In the eyes of idealists and intellectuals right up into the 21st century,
Castlereagh's original sin was his so-called betrayal of his native Ireland to
British interests. Bew, as it happens, spends the entire first part of this book
on Ireland. He shows how it was the lofty goals of Ireland's freedom fighters
— lacking in clarity, as they were — that tempered Castlereagh's
enthusiasm for Irish independence because of his fear that Ireland could
turn into a place similar to revolutionary France. Castlereagh genuinely
believed that a prosperous and stable Ireland could best be obtained by
sacrificing some aspects of its independence in return for the stabilizing
guarantee of British suzerainty. Castlereagh feared, secondarily, that an
independent Ireland could become an outright and anarchic satellite state
of revolutionary and Napoleonic France. Bew writes: "It was the prospect
of Robespierrean politics being brought to Irish soil that concerned
Castlereagh more than anything else," especially given that some of the
Irish patriots "had spent time justifying Robespierre's Terror." Because the
idealist strain in Castlereagh led him to support Catholic emancipation,
while the realist strain led him to oppose complete Irish independence, he
was someone caught in the middle — a place familiar to honorable men.

Castlereagh was clairvoyant in backing the Duke of Wellington's Peninsular


campaign against Napoleon when much hope seemed lost: It was to a large
degree Castlereagh's political backing of Wellington back home in London
that allowed the latter to achieve victory on the fields of Iberia.
Castlereagh's opposition to Napoleon also was far-seeing at a time when
many in Parliament thought Napoleon's forces were about to conquer
Russia. But as soon as the Russians repulsed Napoleon, Castlereagh proved
as much an opponent of Russian hegemony as he had been of French
hegemony. His morality lay in balance and moderation. Otherwise he was
consistently amoral — the only diplomatic approach for the attainment of
the greater good. For the public, to which he was a servant, demanded
stability and the least amount of sacrifice, especially after a dozen years of
war.

It was the diplomacy of Castlereagh, Austria's Prince Klemens von


Metternich and, to a lesser extent, France's Prince de Talleyrand that
fashioned a Continental peace following the defeat of Napoleon that kept
Europe relatively free of large-scale violence for decades. There was
nothing idealistic about this settlement, restoring as it did the Bourbon
dynasty in France, and so the intellectuals gave Castlereagh no praise for
his efforts. Yet it was this peace that helped ease the path for Britain to
emerge as the dominant world power before the end of the 19th century.
Indeed, few labored as hard for their country and suffered as much vitriol
as Castlereagh.

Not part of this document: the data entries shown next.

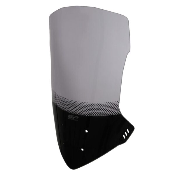 Parbrizul Fumuriu GP Kompozit protejează eficient împotriva vântului și particulelor în zbor, cu efect de reducere a luminii tip ochelari de soare; fabricat din acrilic durabil, se montează rapid cu șuruburile incluse.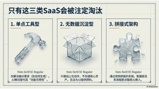 必须承认,AI时代会有SaaS被淘汰,但被淘汰的不是赛道,而是三类没有结构壁垒的产品——它们的核心缺陷,正是AI最擅长替代的领域。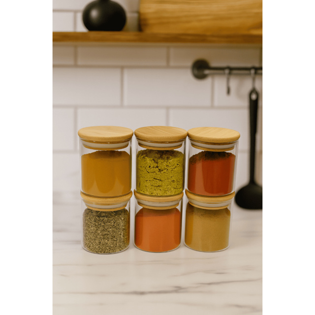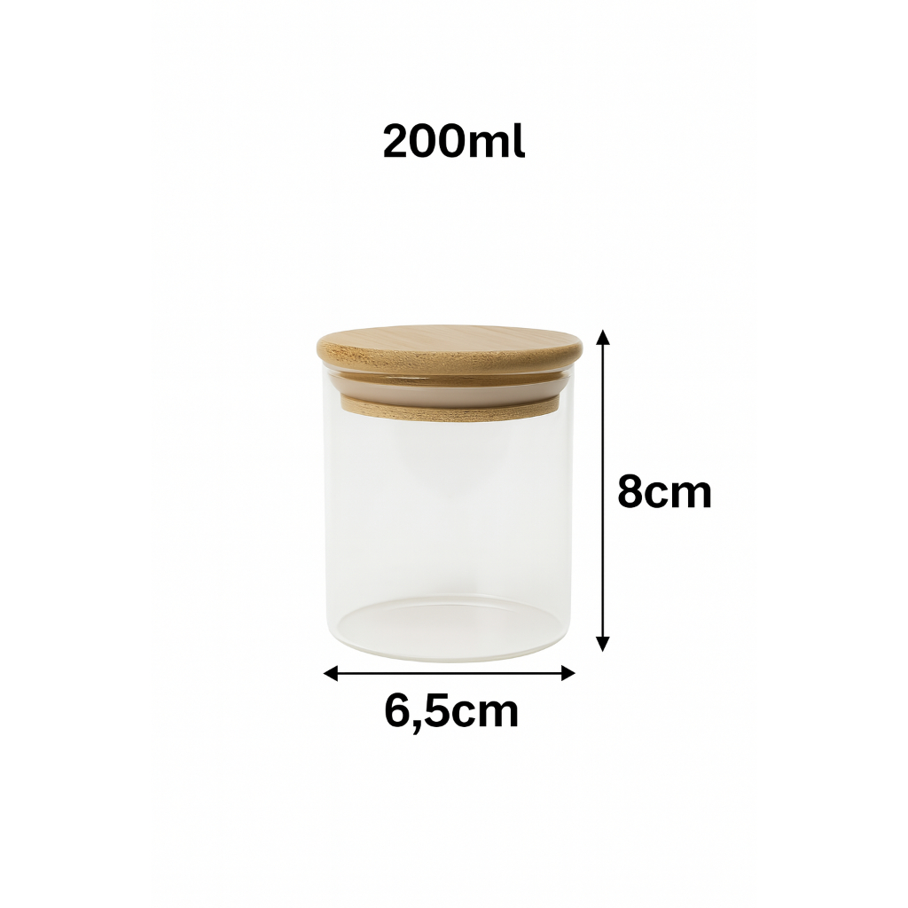 Kit 6 potes de Vidro 200ml com Tampa de Bambu Hermético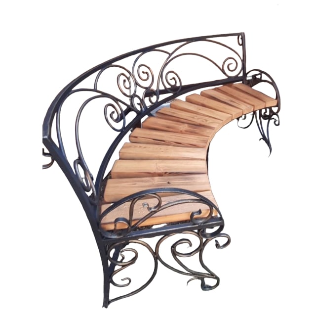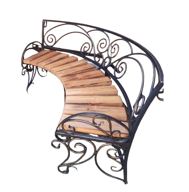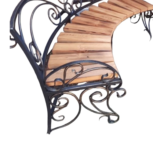 Скамейка полукруглая со спинкой с элементами ковки для благоустройства придомовой территории, скверов, парков, детских площадок. Скамейка имеет устойчивое основание с декором из элементов ковки.Великолепная скамейка из металла и дерева предаст изящность и дополнит Ваш уют. Такая скамейка может стать не только прекрасным декором для паркового ландшафта, но и любимым местом отдыха.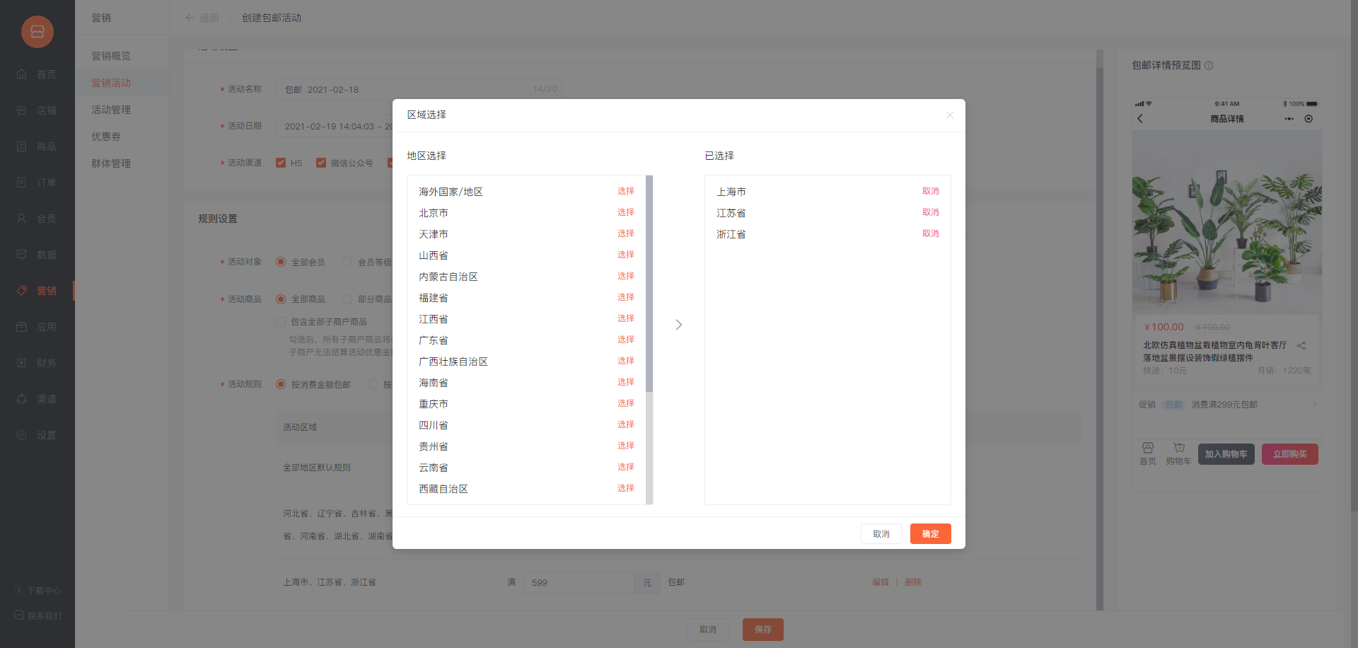 在包邮活动中可以按照不同的区域设置不一样的包邮额度。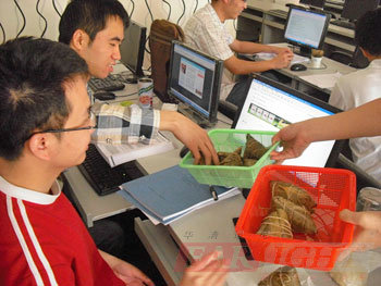 6月13日,上海中心的老師們一早就開始為學員熱粽子,發粽子。學員們吃著各種風味香噴噴的粽子討論著有關端午節的活動、習俗,還有端午節的來歷,以及屈原的的故事等等,所有的這些在濃濃粽香中飄動。。。。。。

Bew talks of his reserve, stoicism and sagacity in the face of
never-ending personal attacks. Lord Byron famously called him a "cold-
blooded … placid miscreant."

In what may be some of the finest words written about the relationship
between those in the arts and those in government, Bew, responding to
early 19th century poet Samuel Taylor Coleridge's remarks about
Castlereagh's intellectual "inferiority," has this to say:

“If men of government were indeed conscious of such inferiority, it might


be said that men of letters in this era — and in other eras — were equally
intoxicated by their own sense of superiority. The demands of office during
the Napoleonic Wars were unprecedented and the ministers faced practical
and moral dilemmas for which there was no literary or intellectual formula.
As one French admirer of Castlereagh asked, in considering the criticism of
Byron and Shelley, ‘Was England to be allowed to perish to please the
poets?’"

In our own day, the moral drumbeat of the media is relentless, even as
diplomats must turn to deal making as an alternative to war. And while the
danger of appeasement always lurks, the greater danger is to always retreat
from imperfect half-measures in pursuit of some morally perfect solution.
It was Castlereagh's emotional genius — a matter more of temperament
than of intellect — to be an architect for a diplomatic arrangement that kept
the guns silent in Europe for decades.